#### [Data extract]
######

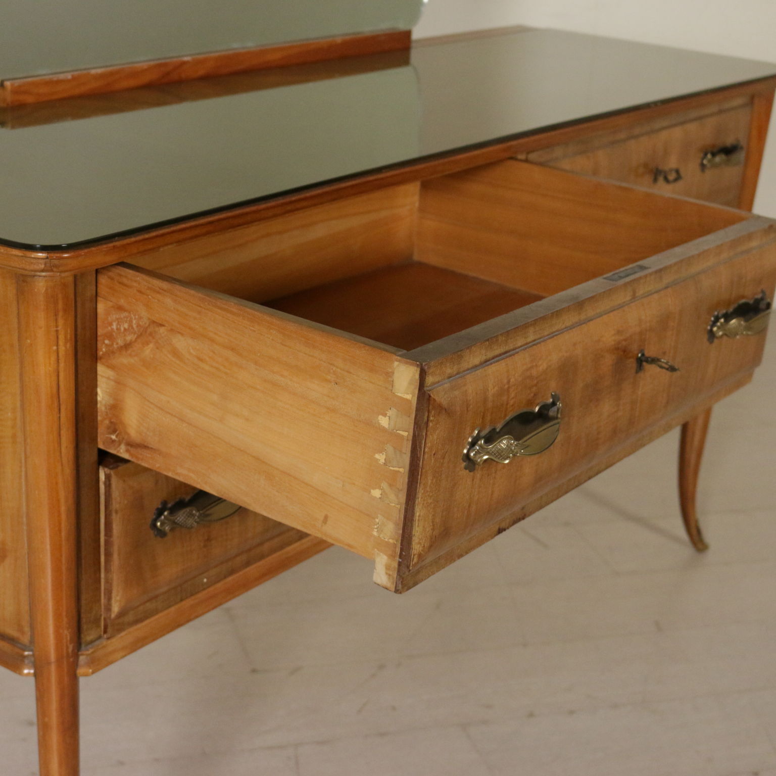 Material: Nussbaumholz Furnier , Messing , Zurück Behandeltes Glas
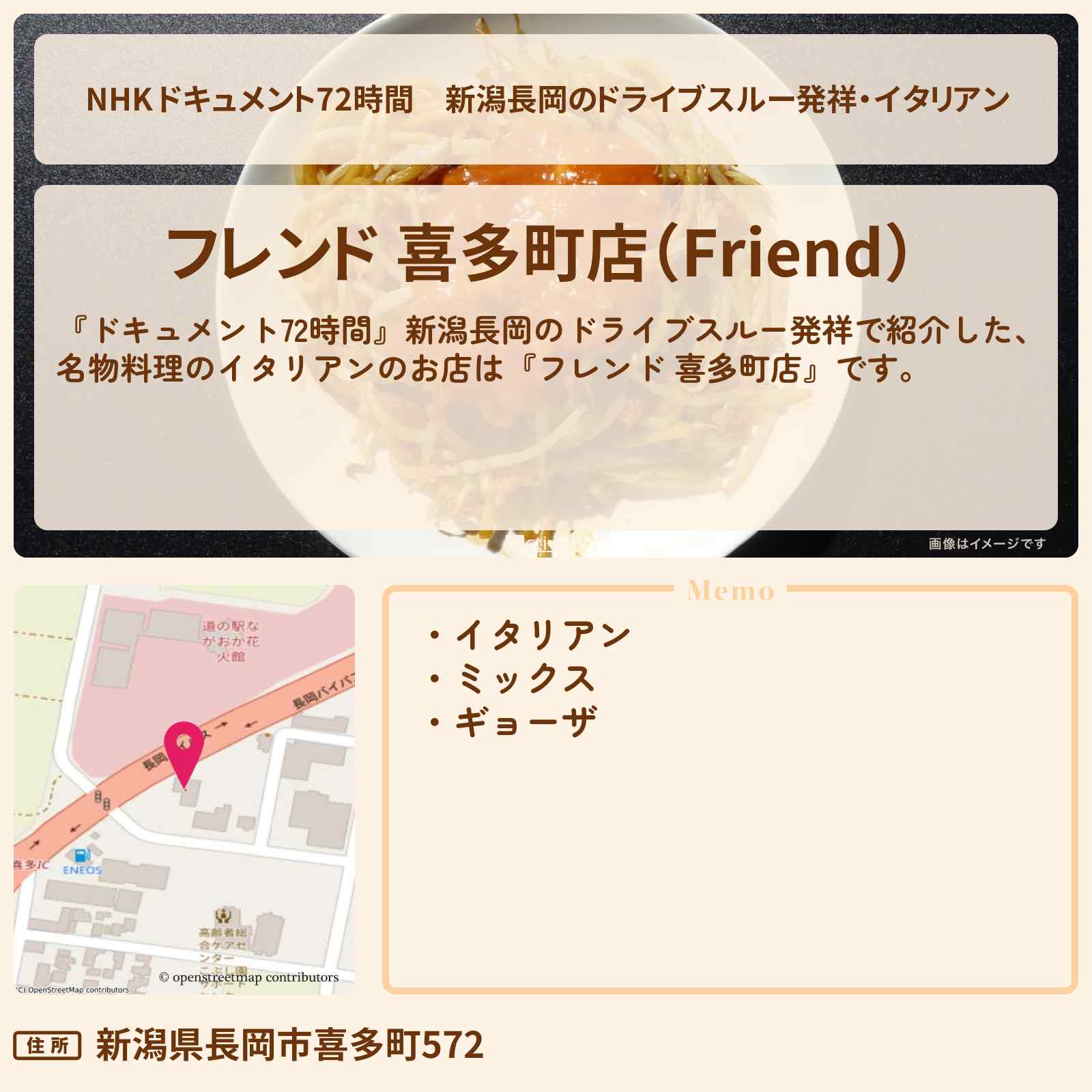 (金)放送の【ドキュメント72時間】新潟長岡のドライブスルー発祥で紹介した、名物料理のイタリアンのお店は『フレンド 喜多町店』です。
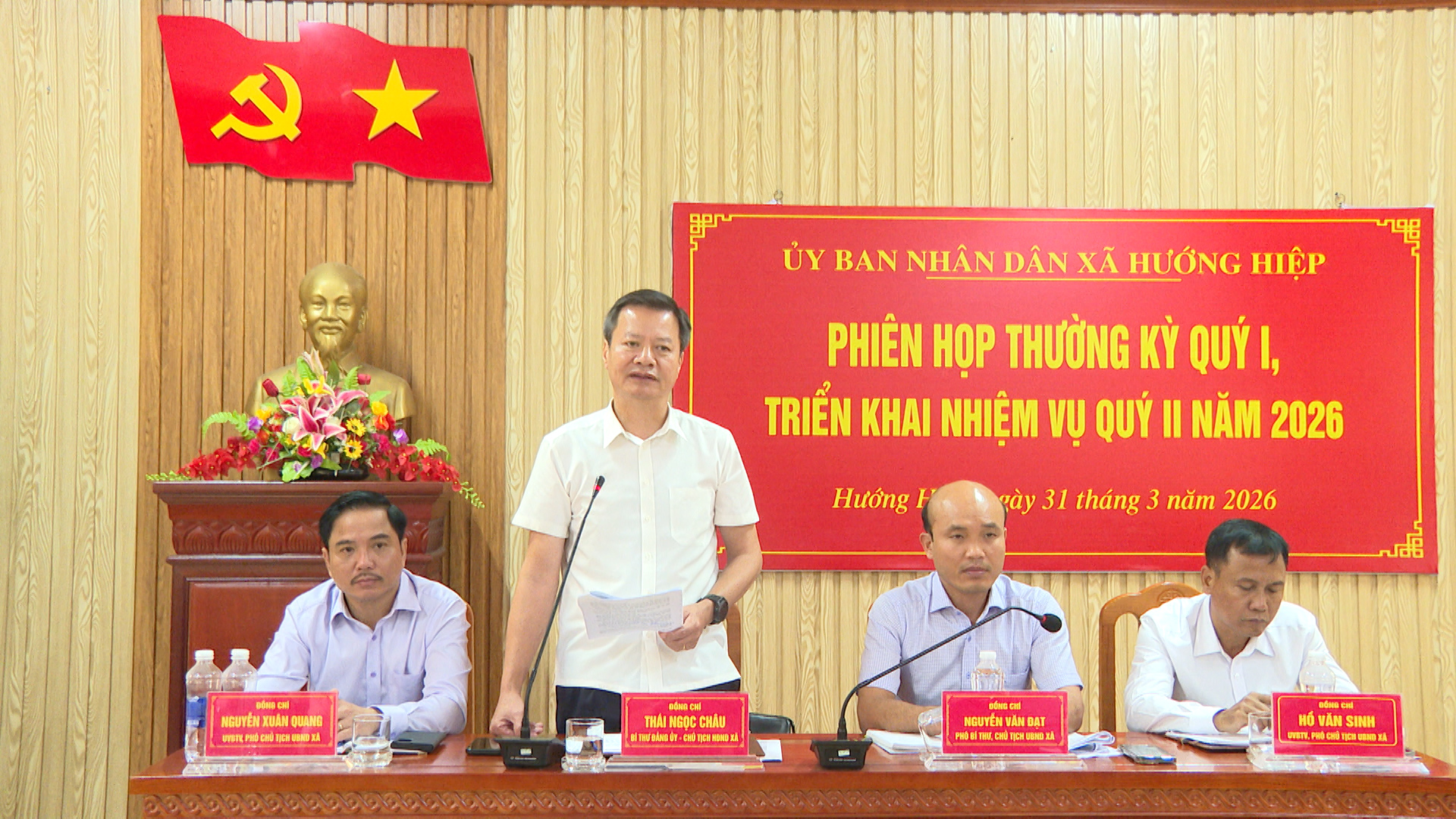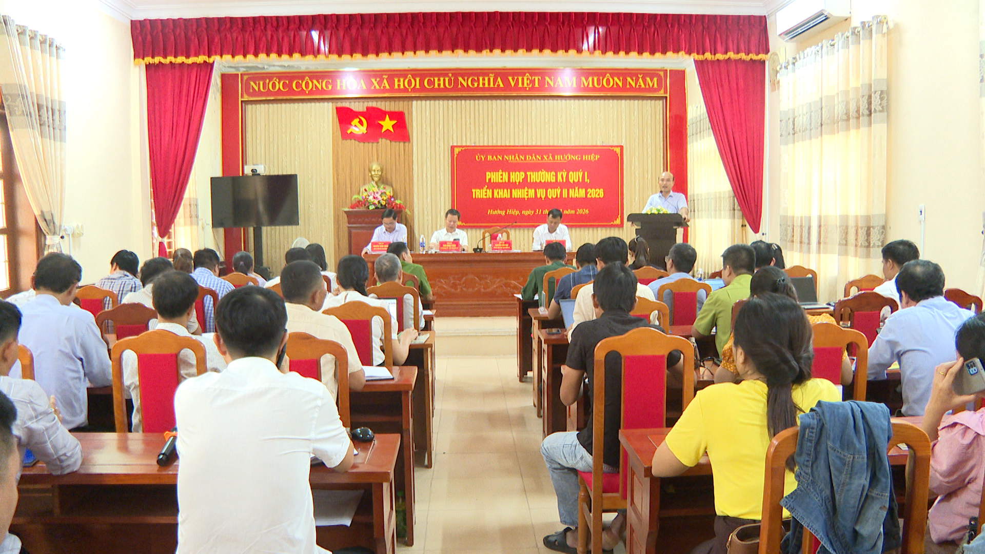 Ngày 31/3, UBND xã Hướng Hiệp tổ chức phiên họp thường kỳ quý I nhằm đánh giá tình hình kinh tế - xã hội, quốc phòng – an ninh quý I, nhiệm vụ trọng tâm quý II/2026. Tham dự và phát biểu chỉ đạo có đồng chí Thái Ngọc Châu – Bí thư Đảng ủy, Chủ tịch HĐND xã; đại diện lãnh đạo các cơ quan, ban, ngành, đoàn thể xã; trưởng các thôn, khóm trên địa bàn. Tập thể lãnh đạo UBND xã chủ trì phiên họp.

######

#### [What is being asked]
Retype the whole listing above exactly as written. Skip the pictures.

#### [Response to the task]
 Material: Nussbaumholz Furnier , Messing , Zurück Behandeltes Glas
 (金)放送の【ドキュメント72時間】新潟長岡のドライブスルー発祥で紹介した、名物料理のイタリアンのお店は『フレンド 喜多町店』です。
 Ngày 31/3, UBND xã Hướng Hiệp tổ chức phiên họp thường kỳ quý I nhằm đánh giá tình hình kinh tế - xã hội, quốc phòng – an ninh quý I, nhiệm vụ trọng tâm quý II/2026. Tham dự và phát biểu chỉ đạo có đồng chí Thái Ngọc Châu – Bí thư Đảng ủy, Chủ tịch HĐND xã; đại diện lãnh đạo các cơ quan, ban, ngành, đoàn thể xã; trưởng các thôn, khóm trên địa bàn. Tập thể lãnh đạo UBND xã chủ trì phiên họp.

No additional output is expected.